**Task to complete**
Output all the records word for word. Drop the pictures.

**Provided records**
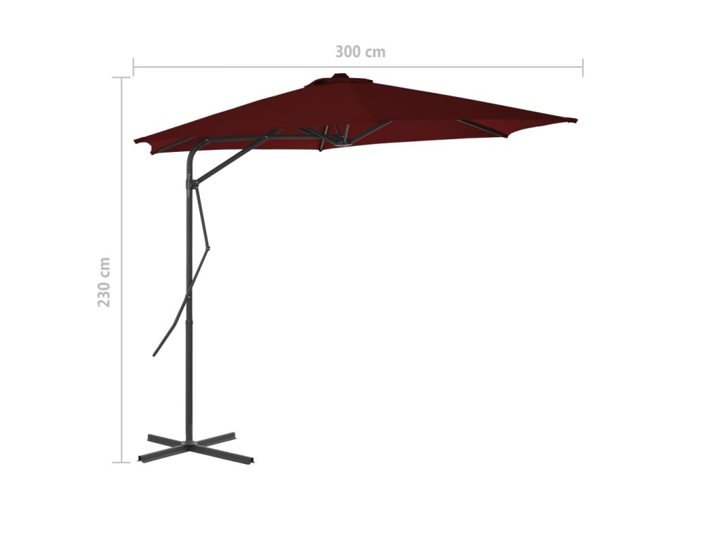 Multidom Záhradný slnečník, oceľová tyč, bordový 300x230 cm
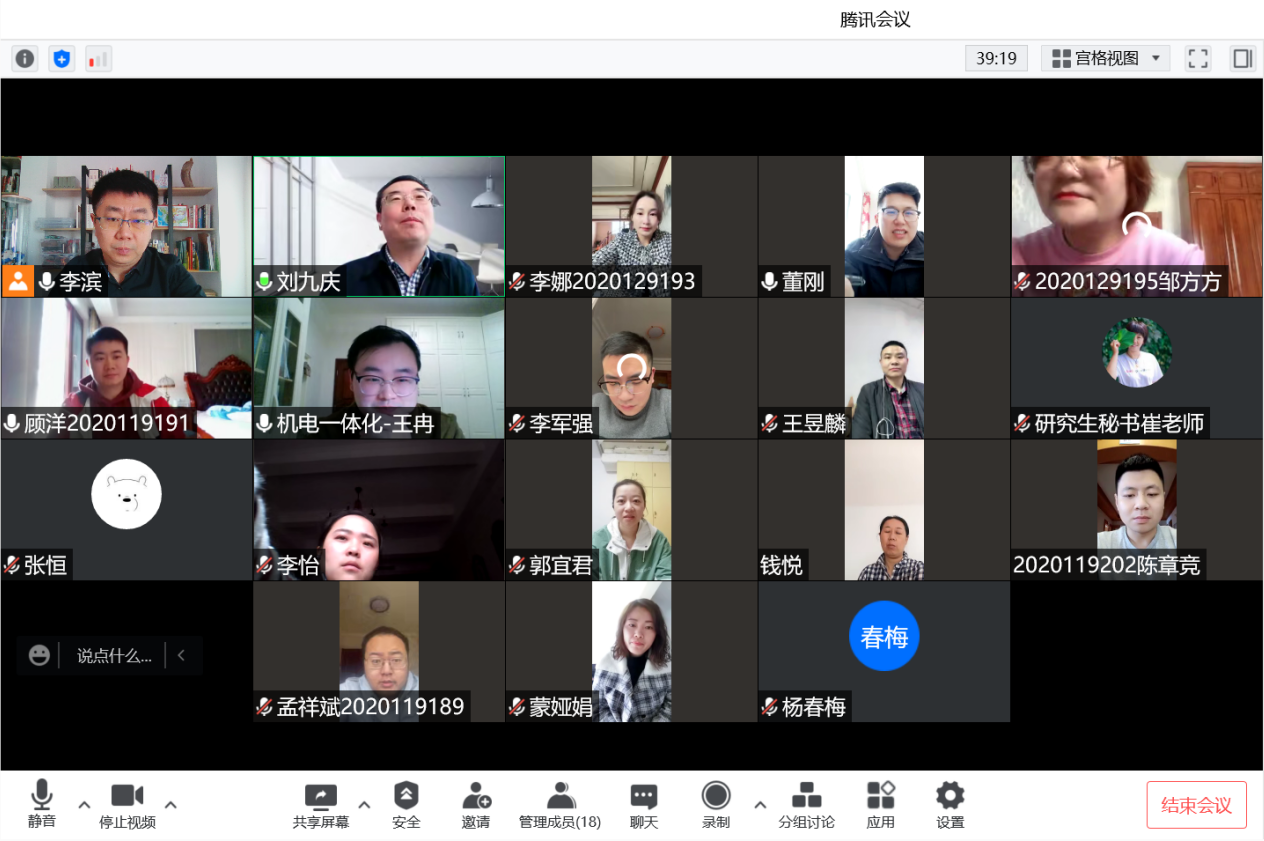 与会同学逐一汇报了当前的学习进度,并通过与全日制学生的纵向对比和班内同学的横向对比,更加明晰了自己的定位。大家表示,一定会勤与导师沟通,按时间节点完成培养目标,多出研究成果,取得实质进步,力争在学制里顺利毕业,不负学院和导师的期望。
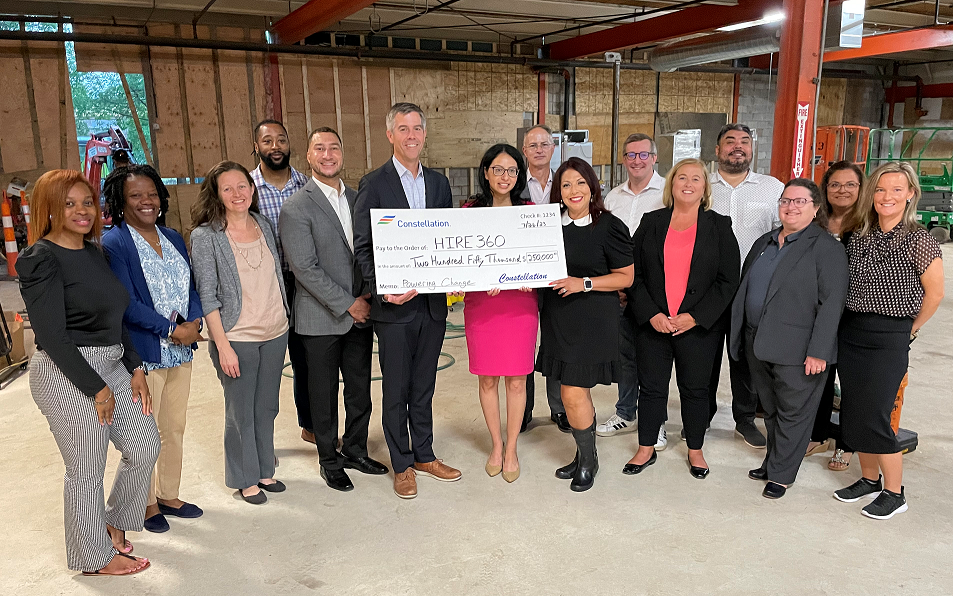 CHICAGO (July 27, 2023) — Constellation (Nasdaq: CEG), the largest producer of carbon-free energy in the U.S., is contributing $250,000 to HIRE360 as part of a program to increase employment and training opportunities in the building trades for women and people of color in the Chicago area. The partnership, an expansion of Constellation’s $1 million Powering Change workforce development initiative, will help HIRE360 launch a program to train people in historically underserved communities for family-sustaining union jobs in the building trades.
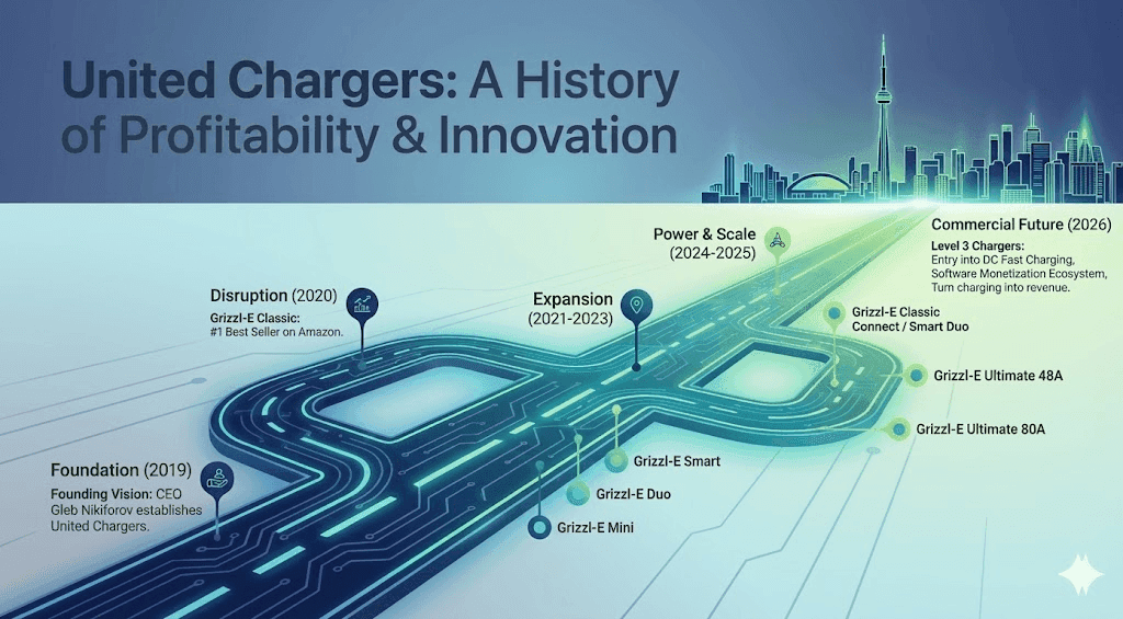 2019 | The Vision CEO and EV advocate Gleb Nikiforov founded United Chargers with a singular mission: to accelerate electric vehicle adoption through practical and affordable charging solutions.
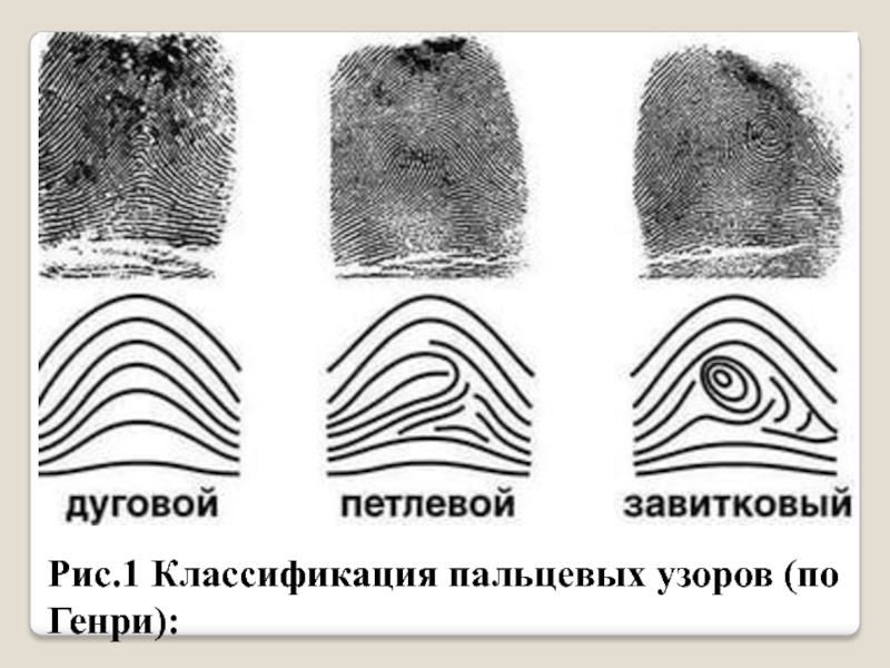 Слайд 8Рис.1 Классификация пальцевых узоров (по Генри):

**Answer**
 Multidom Záhradný slnečník, oceľová tyč, bordový 300x230 cm
 与会同学逐一汇报了当前的学习进度,并通过与全日制学生的纵向对比和班内同学的横向对比,更加明晰了自己的定位。大家表示,一定会勤与导师沟通,按时间节点完成培养目标,多出研究成果,取得实质进步,力争在学制里顺利毕业,不负学院和导师的期望。
 CHICAGO (July 27, 2023) — Constellation (Nasdaq: CEG), the largest producer of carbon-free energy in the U.S., is contributing $250,000 to HIRE360 as part of a program to increase employment and training opportunities in the building trades for women and people of color in the Chicago area. The partnership, an expansion of Constellation’s $1 million Powering Change workforce development initiative, will help HIRE360 launch a program to train people in historically underserved communities for family-sustaining union jobs in the building trades.
 2019 | The Vision CEO and EV advocate Gleb Nikiforov founded United Chargers with a singular mission: to accelerate electric vehicle adoption through practical and affordable charging solutions.
 Слайд 8Рис.1 Классификация пальцевых узоров (по Генри):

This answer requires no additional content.